From the line containing "If you watch" through the last line of the data, both ends included, write out every line exactly; omit the pictures.

──────── Material for the task ────────

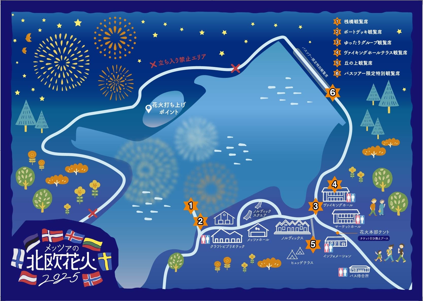 株式会社メッツァ(代表取締役社長:望月潔)が運営する北欧ライフスタイル体験施設「メッツァビレッジ」(埼玉県飯能市)では、7月12日(土)~9月21日(日)の期間、バルト三国を含む北欧各国の大使館の後援のもと、「メッツァの北欧花火2025」を開催いたします。北欧8ヶ国の大使館・大使館スタッフ推薦の音楽をBGMに、各国の国旗の色をイメージした打ち上げ花火を約15分間にわたって披露。また、お買い物やお食事で利用できるギフトチケットが付いた特別観覧席を、6月7日(土)より販売開始いたします。
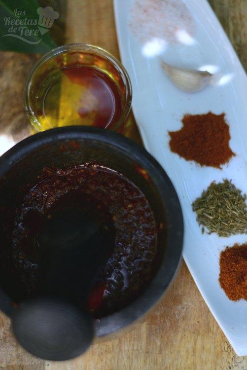 En un mortero pones los dientes de ajos cortados pequeños, los dos tipos de pimentón, la cayena, el comino con unos 50 mililitros del aceite de oliva, mezclas y unes todo bien, agrega por último la sal, y sigue uniendo todo, que queda una mezcla espesa roja.
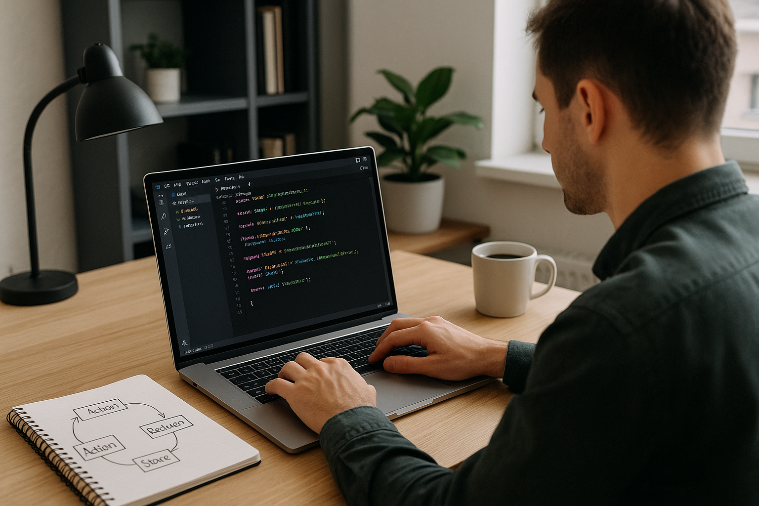 Важный момент — неизменяемость. Reducer не меняет старые данные напрямую, а создаёт обновлённую копию. Это позволяет легко отслеживать изменения, избегать трудноуловимых ошибок.
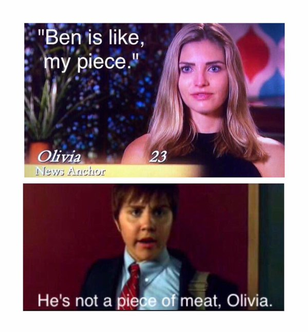 If you watch the Bachelor (which I would highly suggest if you do not) then there is probably one character in particular that you absolutely despise. That character being Olivia Caridi. I'm not sure if it is her psychotic personality or the way she describes Bachelor Ben Higgins as her piece, but either way each time Olivia gets a rose, all of America cringes. Here are some of the best Olivia moments from the Bachelor season thus far:
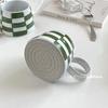 Wave-hand-painted cup green 350ml (slightly imperfect), Checkered-hand-painted cup blue 350ml (slightly imperf...
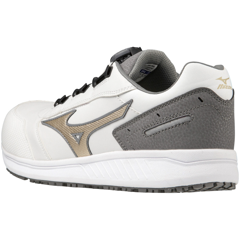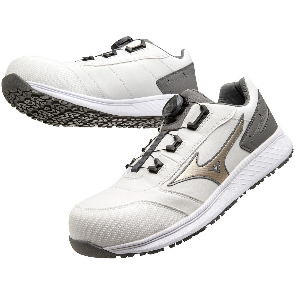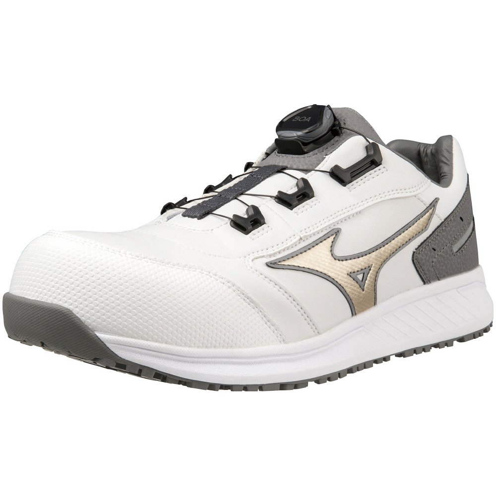 人工皮革による心強い防塵性能と「つまずき」に配慮したトウアップ設計のシューズに、BOA搭載でフィット感をプラス。

────────

Answer area ▸
 If you watch the Bachelor (which I would highly suggest if you do not) then there is probably one character in particular that you absolutely despise. That character being Olivia Caridi. I'm not sure if it is her psychotic personality or the way she describes Bachelor Ben Higgins as her piece, but either way each time Olivia gets a rose, all of America cringes. Here are some of the best Olivia moments from the Bachelor season thus far:
 Wave-hand-painted cup green 350ml (slightly imperfect), Checkered-hand-painted cup blue 350ml (slightly imperf...
 人工皮革による心強い防塵性能と「つまずき」に配慮したトウアップ設計のシューズに、BOA搭載でフィット感をプラス。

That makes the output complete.